Il y a deux ans, quand le monde entier se demandait encore s’il y aurait ou non la guerre en Irak, l’ancien chef du Premier département principal du Comité d’État à la sécurité (KGB) de l’URSS, Leonide Chebarchine, avait dit en privé : « La guerre est inévitable, mais celle d’Irak ne sera pas la dernière. La suivante, ce sera contre l’Iran ». Or, ses estimations et pronostics s’étaient à maintes reprises dans le passé avérés d’une extrême exactitude. Ce n’est pas dans les bureaux capitonnés de Moscou que ce général avait étudié le Proche-Orient. De nombreuses années durant, il s’était formé sur le terrain en qualité de résident dans plusieurs pays, notamment en Iran, au début de la révolution islamique, une des périodes les plus complexes de l’histoire de ce pays.

Bakhtiar Akhmedkhanov, journaliste de RIA Novosti, a posé quelques questions à Leonide Cherbachine.

Question : Estimez-vous toujours que l’Iran sera la prochaine cible des États-Unis ?
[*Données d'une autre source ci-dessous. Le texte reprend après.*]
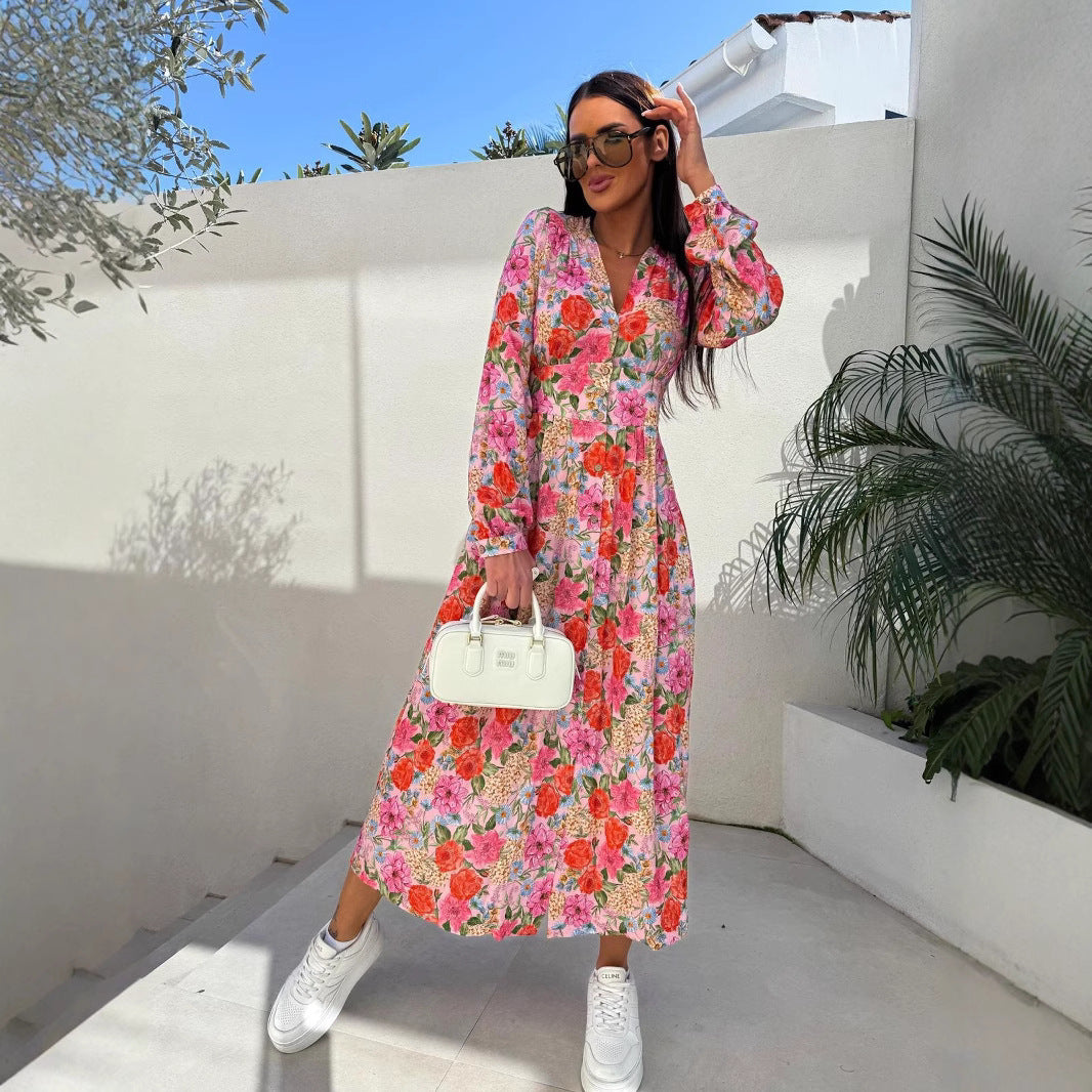 Setzen Sie modische Akzente und fühlen Sie sich wohl in unserem Damen Maxikleid mit floralem Muster von Stalluxe – Ihr idealer Begleiter für die Sommermonate!
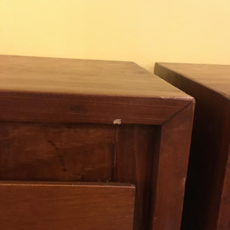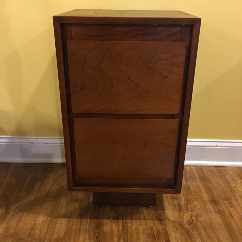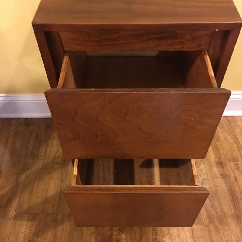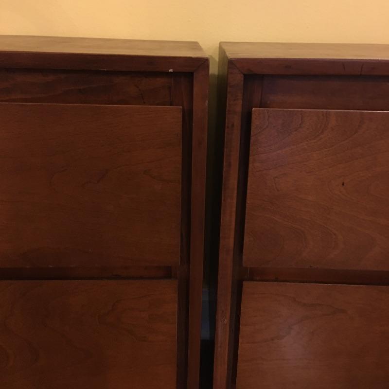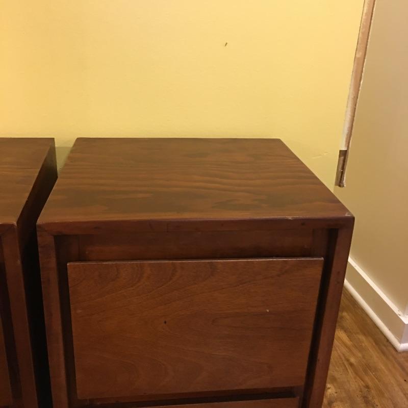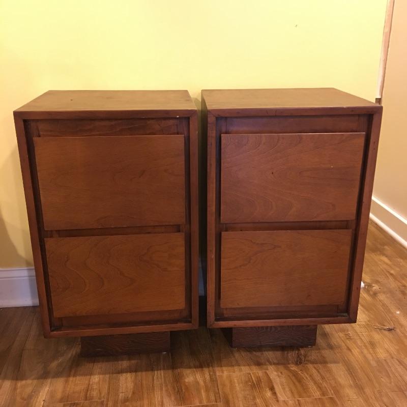 A nice pair of wooden end tables with two drawers. They have a MCM style to them. Tables have a few nicks, see pictures. Tables measure 15” x 16” x 28.5”.

Leonide Chebarchine : En janvier, le chef du Commandement central des États-Unis, John Abizaid, a dit que l’Iran ne pourrait pas mettre à profit les difficultés auxquelles les troupes américaines se heurtent en Irak. Il doit être clair aux yeux de tous que sur Terre il n’y a pas de force militaire plus puissante que celle des États-Unis et que pour cette raison, malgré leur engagement en Irak, les troupes états-uniennes pourraient très bien frapper en même temps un autre pays, par exemple l’Iran, a déclaré le général avec une rectitude toute militaire. Je pense que ces propos sont une réponse à votre question et en même temps une confirmation de mon point de vue.
Usant d’une terminologie spéciale, qui dans le cas présent me semble la mieux appropriée, je dis que les États-uniens se livrent actuellement à un formidable travail de sape contre Téhéran. Ce sont en premier lieu leurs tentatives en vue de forger une réelle opposition intérieure au régime anti-américain actuel, de rassembler et d’utiliser à leurs fins l’immigration iranienne éparpillée dans différents pays, ainsi que les contradictions internes du pays, interethniques notamment.
C’est là un trait caractéristique de la tactique états-unienne. L’action décisive (le début d’un coup d’État militaire ou bien d’une invasion dans un pays quelconque) est précédée d’une campagne de propagande massive, de diabolisation du sujet accusé de tous les maux. Souvenez-vous : c’est le même scénario qui avait été utilisé pour les talibans et pour l’Irak. Certes, les accusations portées sont souvent gratuites, mais est-ce que cela préoccupe quelqu’un ?
On n’a pas trouvé Ben Laden en Afghanistan, par contre le gouvernement y a été remplacé et le pays a été généreusement saupoudré de missiles. L’Irak avait été accusé de fabriquer des armes de destruction massive et d’entretenir des liens avec le terrorisme international. On n’a découvert ni armes, ni liens. Mais ici aussi, le gouvernement a été remplacé et on est parvenu à ce que l’Irak cesse d’exister en tant qu’État et se transforme en champ de bataille de tous contre tous.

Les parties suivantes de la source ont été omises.